Table 1 VISTA elements with positive staining in craniofacial tissue within gene deserts

Gene desert on chromosome 7 contains superenhancer regions unique to embryonic craniofacial tissue

Due to the high proportion of enhancer segments with confirmed craniofacial activity, we chose to focus on the gene desert located on chromosome 7. This chromosomal segment contained three regions identified by ROSE as superenhancers active in human embryonic craniofacial tissue (Fig. 2a). The superenhancer regions between chr7:25,580,400-25,880,000 (hg19) are unique to human embryonic craniofacial tissue, not having been identified as such in human embryonic heart tissue25 or any of the 102 human tissues and cell lines analyzed by dbSuper (9 and https://asntech.org/dbsuper/index.php) (Fig. 2b). Human and mouse enhancer segments tested by the VISTA Enhancer Browser (https://enhancer.lbl.gov/27; that drove reporter expression in mouse craniofacial tissue at E11.5 fell within the superenhancers that were not called in other analyzed tissues. We tested an additional human enhancer segment, HACNS5028 and found it to drive strong reporter expression in mouse embryonic craniofacial and limb tissue. (Fig. 2c).

Fig. 2: Location and functional characterization of a putative novel craniofacial superenhancer.
figure 2

a Region of human chromosome 7 containing a large 500 kb window lacking any annotated protein-coding genes with extensive enrichment of activated enhancer (yellow and orange) and transcriptionally active (green) segment annotations in human craniofacial tissue. CS (Carnegie stage). Locations of human embryonic craniofacial superenhancers (heCFSE) are represented by orange bars, human embryonic heart superenhancers (heHSE) by dark pink bars and superenhancers found in the dbSuper database by black bars. b Enlargement of two superenhancers with multiple validated craniofacial enhancer segments. Enhancers with mm or hs designations were identified through the Vista Enhancer Browser (c). In this study we tested and validated the craniofacial enhancer activity of HACNS50, located within the bivalent chromatin state at the right of the enlargement.

To identify target genes which might be regulated by this craniofacial-specific region, we scanned for craniofacially-relevant genes located nearby. When considering genes up to 500 kb in either direction of the gene desert, we observed NPVF, MIR28A, OSBPL3, CYCS, C7ORF31, NFE2L3, HNRNPA2B1, CBX3 and SNX10, none of which have been specifically associated with craniofacial development or disease (Lee et al., 2017; Braconi et al., 2010; (Li et al., 2016). When we examined expression of all these genes in primary human craniofacial tissues and all GTEX tissues, we found similar levels across most tissues (Figure S529;). Only SNX10 had elevated specificity of expression but was most highly expressed in the adult brain. These findings raised the possibility that either one of these genes plays an unappreciated role in craniofacial development or the target of this superenhancer may lie a considerable distance away.

To test the later hypothesis, the region being considered was then expanded. This expansion revealed SKAP2 and the HOXA gene cluster approximately 1.5 Mb downstream. While SKAP2 has not previously been implicated in craniofacial development, HOXA genes have been linked to a number of syndromes that include craniofacial abnormalities in both mouse and human30,31,32,33. Despite the distance between the HOXA cluster and the identified super enhancer, its tissue-specific relevance suggested these genes as feasible targets.

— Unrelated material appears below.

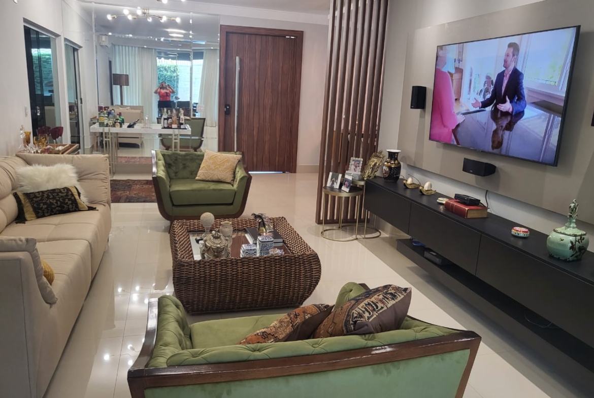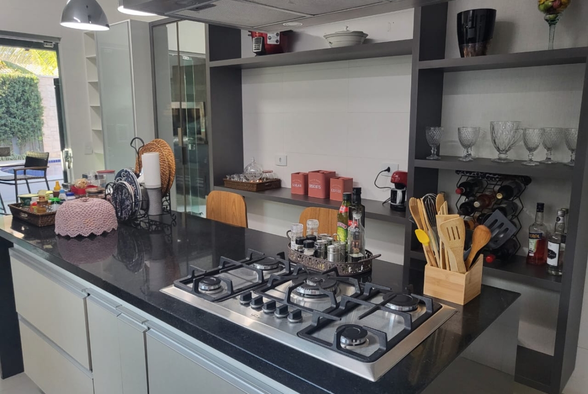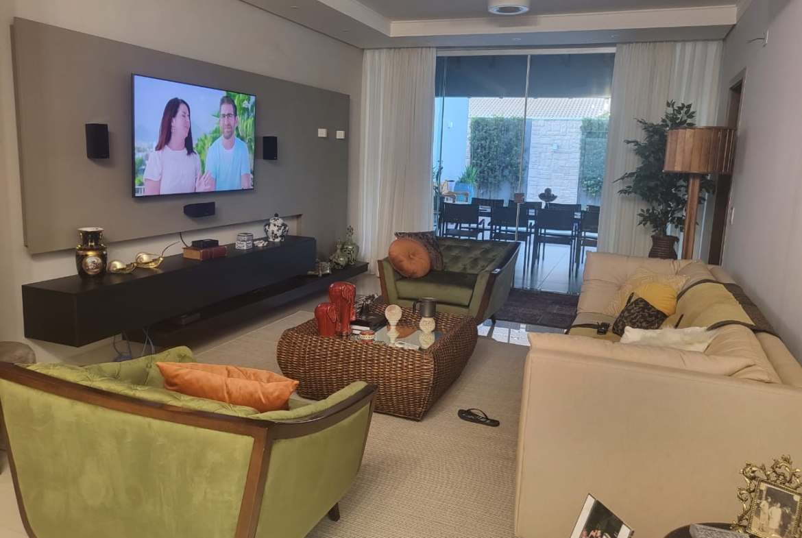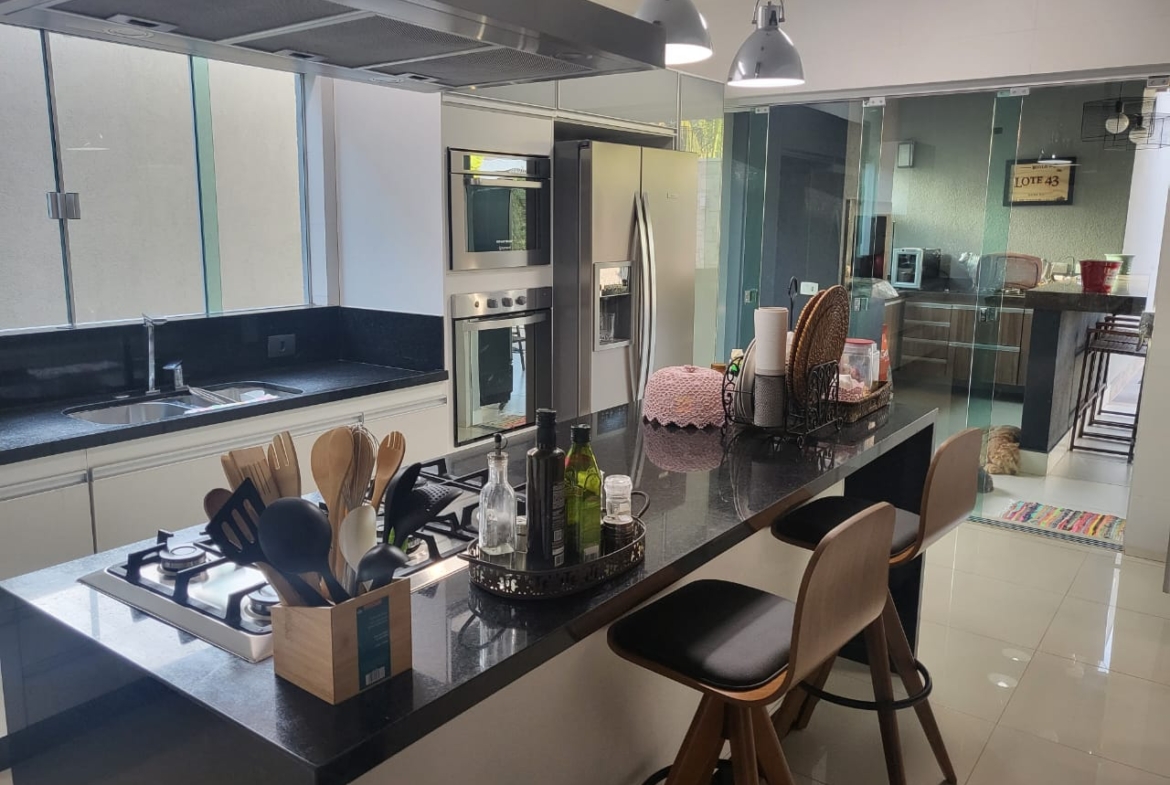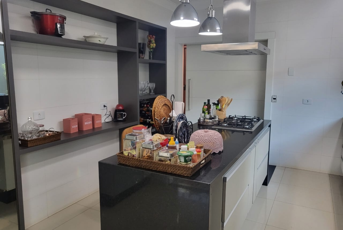 Conta com três suítes amplas com armários planejados, além de salas integradas de estar, jantar e TV, que garantem amplitude e luminosidade natural. A cozinha é totalmente planejada e se conecta à área gourmet com churrasqueira, ideal para momentos de convivência e lazer em família.

Chromatin architecture of chr7 25,000,000–28,000,000 suggests the superenhancer makes long-distance contacts with the HOXA cluster

To determine if this ncCSSE region could indeed target the HOXA gene cluster located >1MB downstream, we first examined publicly available HiC data from a variety of cell types. In human embryonic stem cells (hESCs) we found that the entire superenhancer region formed a topologically associated domain (TAD); however, it was unclear if this region formed longer range interactions that incorporated the HOXA cluster (Fig. 3a). Other adult tissues and cell types showed similar trends (Figure S6), but chromatin state segmentation shows that a large portion of this region was specifically active in human craniofacial development, leaving open the possibility that the superenhancers within the TAD may drive expression only in craniofacial-specific contexts. We therefore performed chromosome conformation capture experiments (HiC) in both primary human embryonic craniofacial tissue and a recently described culture model of differentiated cranial neural crest cells (CNCC)34.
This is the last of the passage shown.